Et quelle sensation de puissance ! Celle de faire un avec la foule et en partager l’énergie, se détachant et rattachant, se déplaçant à gauche à droite comme un savant mélange d’atomes d’éléments immiscibles et miscibles, créant des émulsions, des collisions et des réactions presque logiques. Une étude scientifique compare même les « pogoteurs » à des atomes de gaz (expliquant que leurs mouvements, même désordonnées peuvent être schématisés et prédits). Si pour les agoraphobes la foule est source d’angoisse irrépressible, d’aucuns s’y abandonnent volontiers, laissant leur corps voguer au bon vouloir de la masse et de la musique. Pour Arthur, batteur du groupe S-Core, “Il y a vachement plus de gens qui ont la banane dans un pogo que de gens qui tirent la tronche.” C’est même une autre forme de relation avec les artistes, laissant plus de place aux relation entre les membres du public :
L’énergie est différente en fonction des musiques, mais les pogos pour moi ça dépend surtout du public. Tu peux avoir des pogos démentiels dans des concerts de rap qui ne s’y prêtent pas, et un concert de métal ou les gens bougent à peine la tête. Ce n’est jamais les artistes qui décident totalement. Tu peux jouer le même set dans deux concerts différents et le public réagira différemment sur différentes parties du concert. Après, avec ton jeu de scène ou par la parole tu peux l’influencer, évidemment, mais en général ça reste spontané.

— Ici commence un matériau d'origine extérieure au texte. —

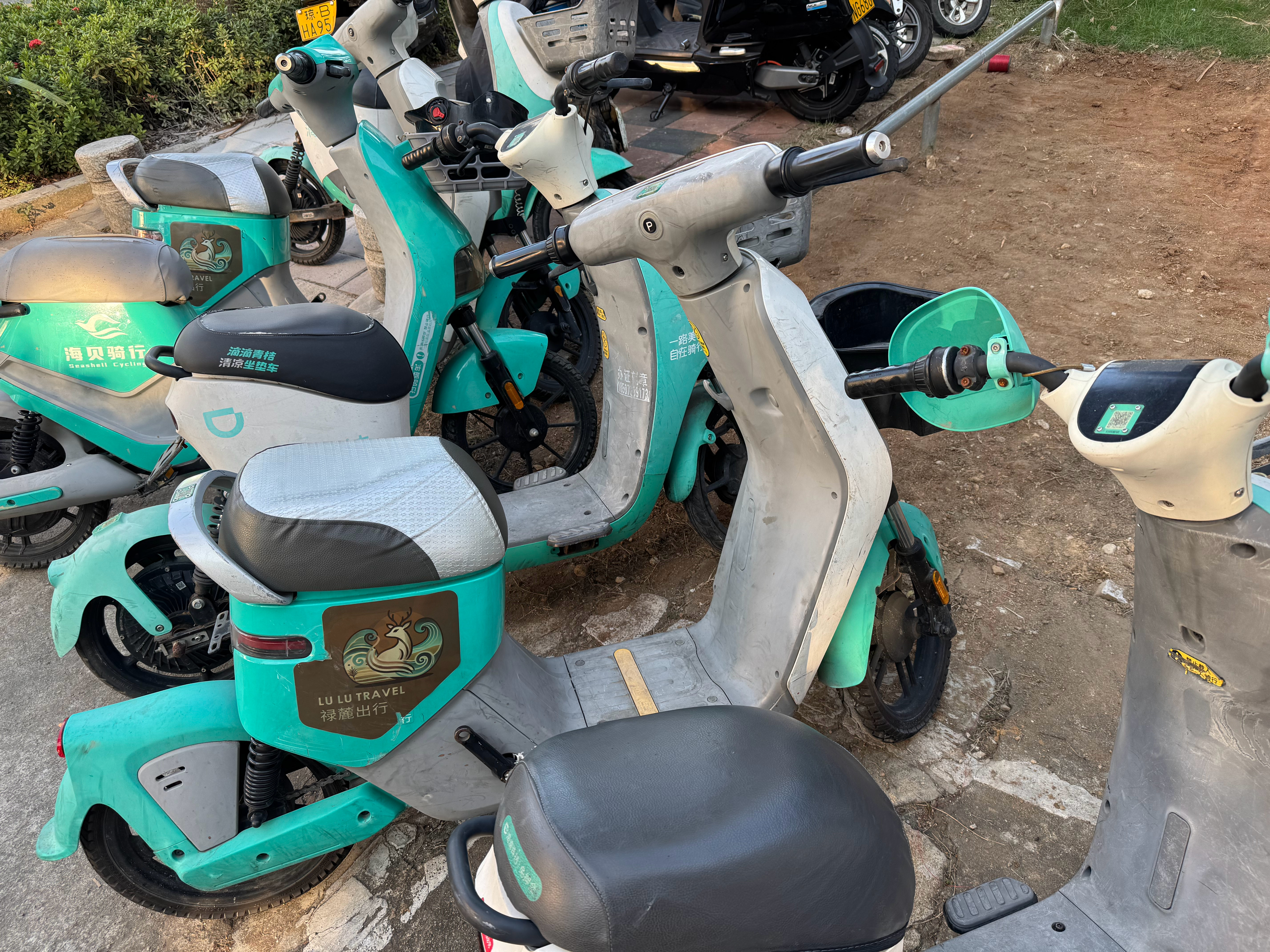 今年来海南岛国际电影节 发现三亚没啥人骑共享单车,但街上有很多这种共享电摩,算是地域特色吧。这两天我狠狠骑了好几回,已爱上这种风驰电掣的感觉跨年电影愿
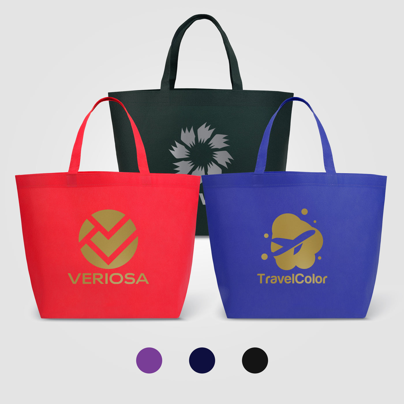 Now with metallic silkscreen imprint, the Julian Shopping Tote is constructed with 80 gram non-woven polypropylene, and it's reusable, recyclable and hand washable. This tote bag measures 20" wide x 13" high, with 20" handles and an 8" wide gusset, so it's ideal for shopping. This tote bag has a large imprint area, so it's perfect for advertising your company. All these features come at a very budget-friendly price point.
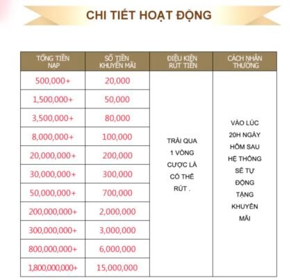 Dưới đây, là hình thức để nhận thưởng khi tham gia trò chơi và nhận tiền thưởng, mốc nhận thưởng như sau:
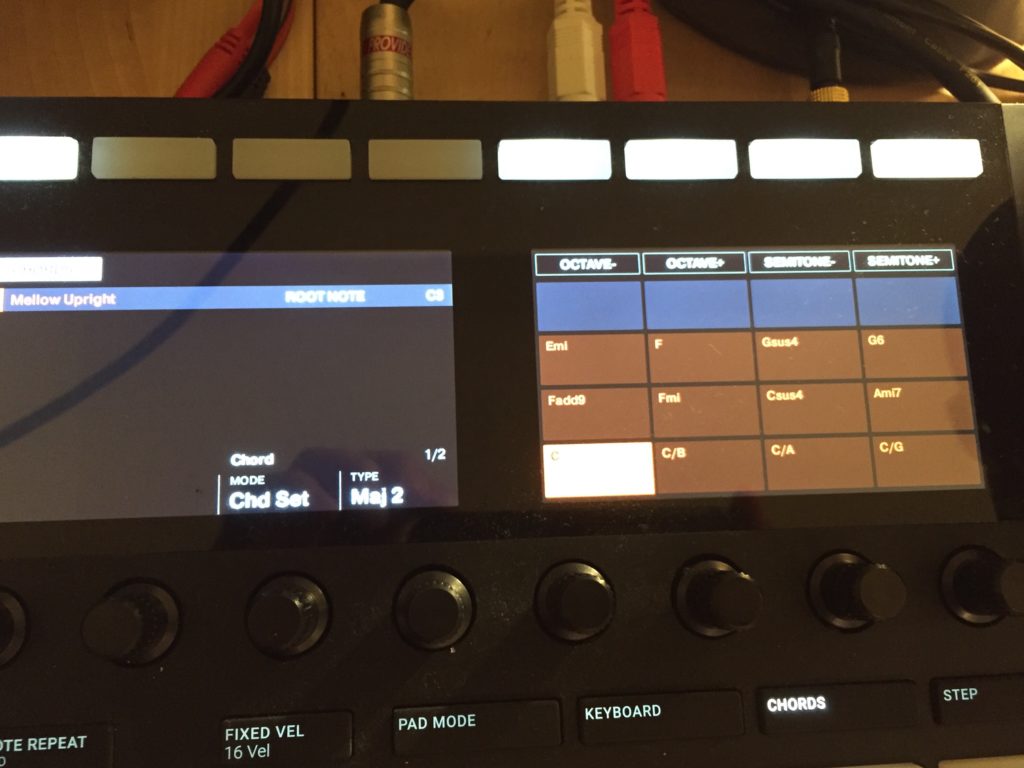 Cmaj7,Am7はMajor,Harm,1-3-5-7で弾けるけど、当然Bb7は弾けないからChormatic,Harm,Dominant7thで弾いてる。これはリアルタイムで弾くのはむりやな。こういうのを弾きたくなったら、鍵盤やら、PUSHに移行すればええよ。Jamなら弾けるけどね。PUSH勧めたいけどね。
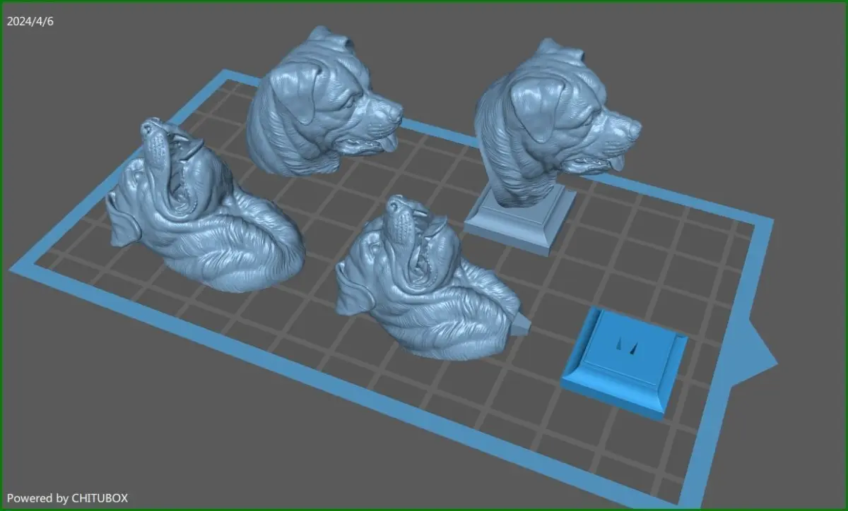 500K STL, OBJ triangulated mesh, Rottweiler gloomy bust on the base merged
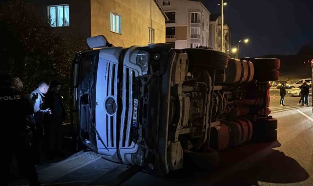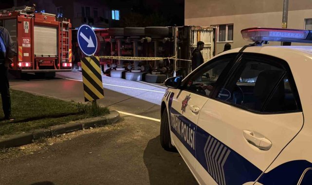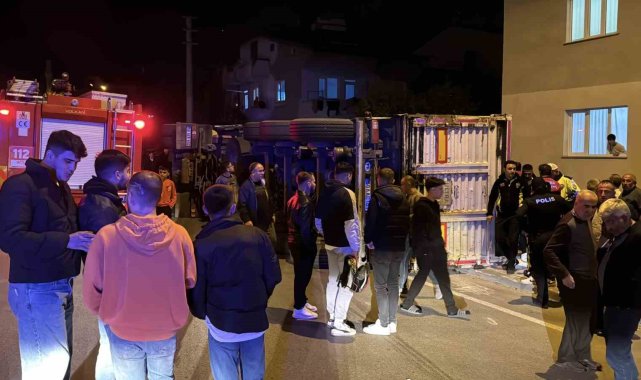 Tırın devrildiği anlar güvenlik kamerasına yansıdı
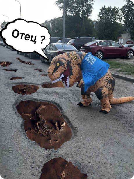 Тема качества дорог в Санкт-Петербурге не теряет актуальности! Необычную акцию провел наш Фонд! ???? Динозавр прошелся по улицам нового ЖК «Царская Столица». Привлечь внимание к проблеме получилось, через два дня ямы были отремонтированы!!!
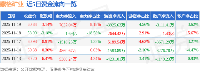 证券之星消息,截至2025年11月19日收盘,藏格矿业(000408)报收于60.84元,上涨3.14%,换手率0.9%,成交量14.18万手,成交额8.6亿元。
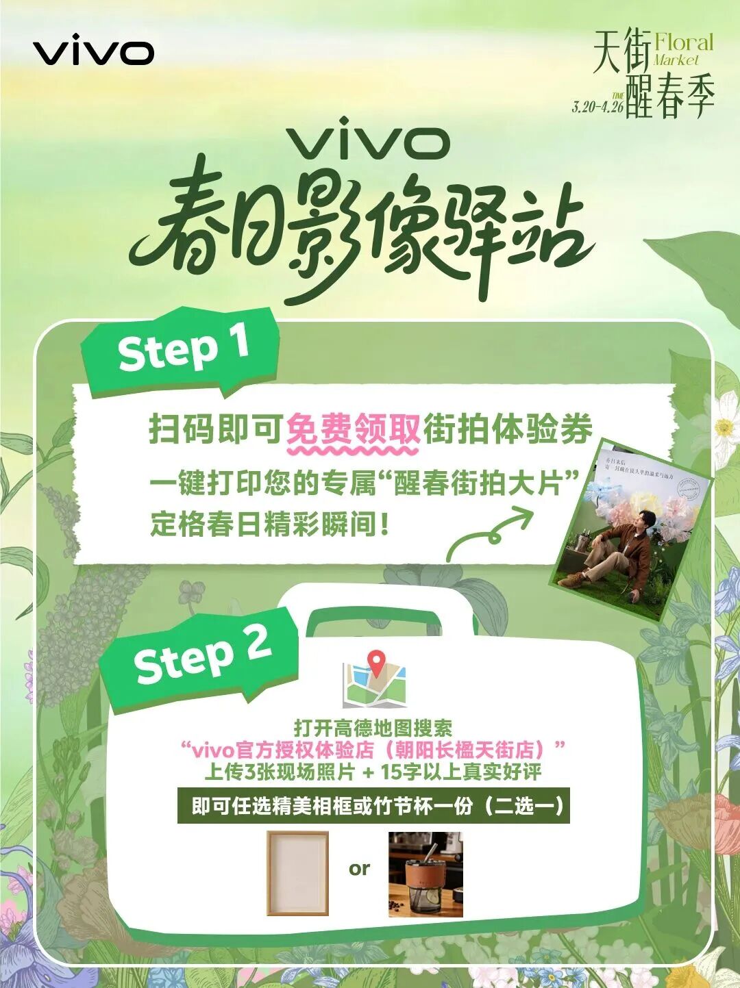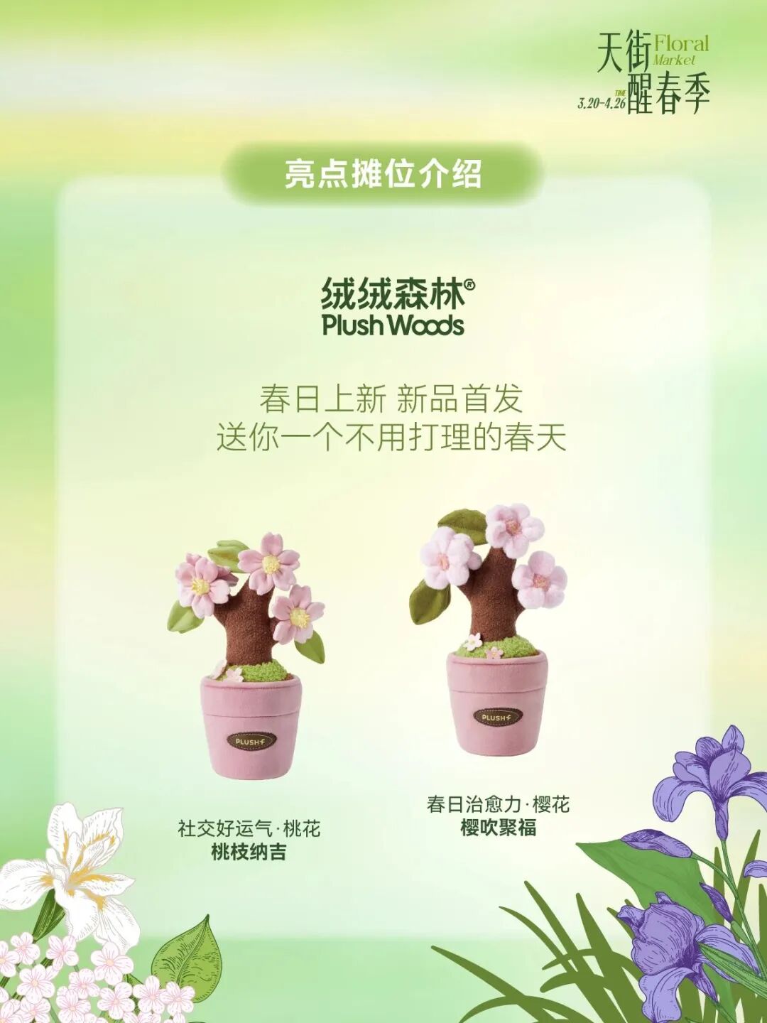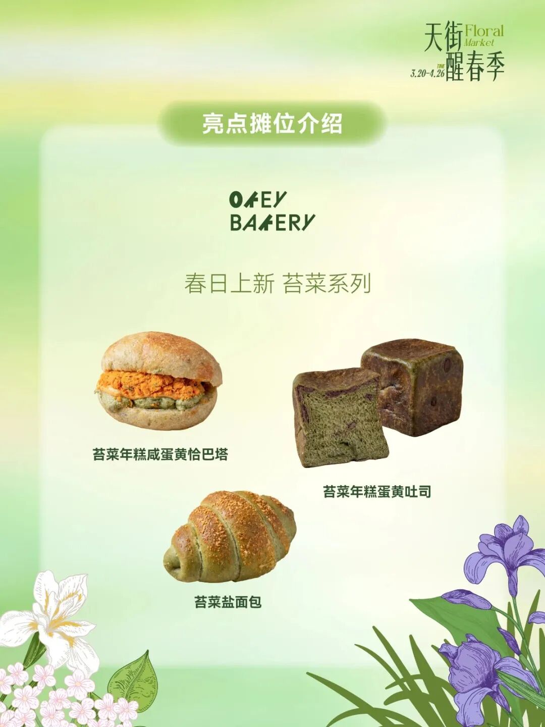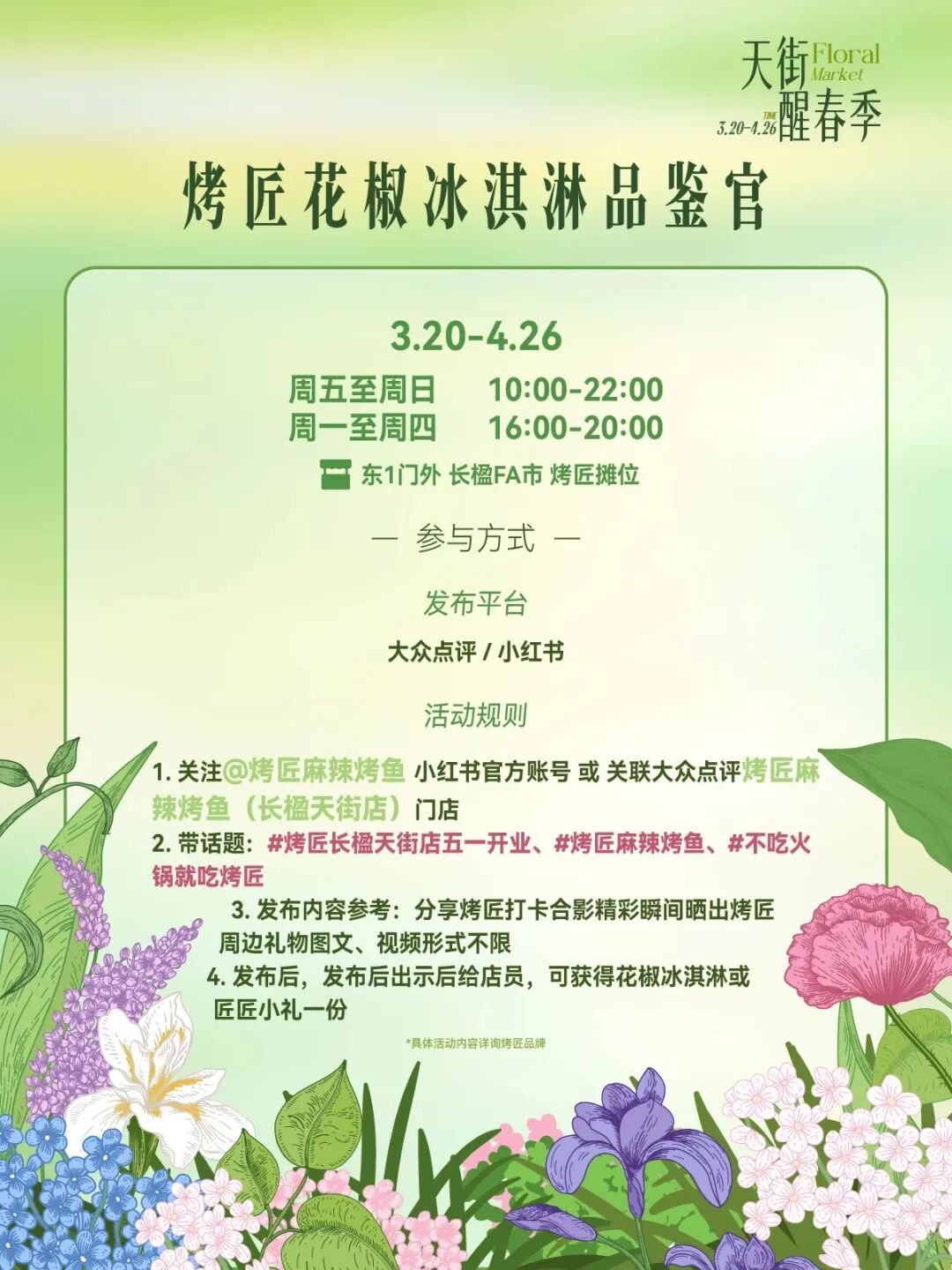 3月20日至4月26日天街醒春季长楹FA市开街,亮点摊位一站式打包春天,烤匠花椒冰淇淋免费品鉴,vivo春日影像驿站即刻出片,绒绒森林春日上新桃花&樱花,OKEY BAKERY春日苔菜系列上新,花植易物鲜切花、多肉、盆栽、中型植物供选择。

Quand tu vas voir un concert de métal, si tu ne fais pas du pogo, bah tu restes sur place et tu écoutes la musique. Ça se passe entre eux et la scène. C’est rare qu’il y ait une connexion avec le mec d’à côté dans la fosse. Ce n’est pas comme dans le temps où on allait aux bals, tu rencontrais et dansais avec les gens. Dans les pogos, tu fais le con… mais avec d’autres gens. C’est un peu comme danser avec quelqu’un, ça créé forcément du lien. On a envie de faire de la merde donc tu fais une danse qui n’a pas trop de sens, tu sautes de partout… Le pogo, ça peut être cathartique pour certains, mais plus généralement, je pense que c’est l’envie de faire les cons. On déconne quoi.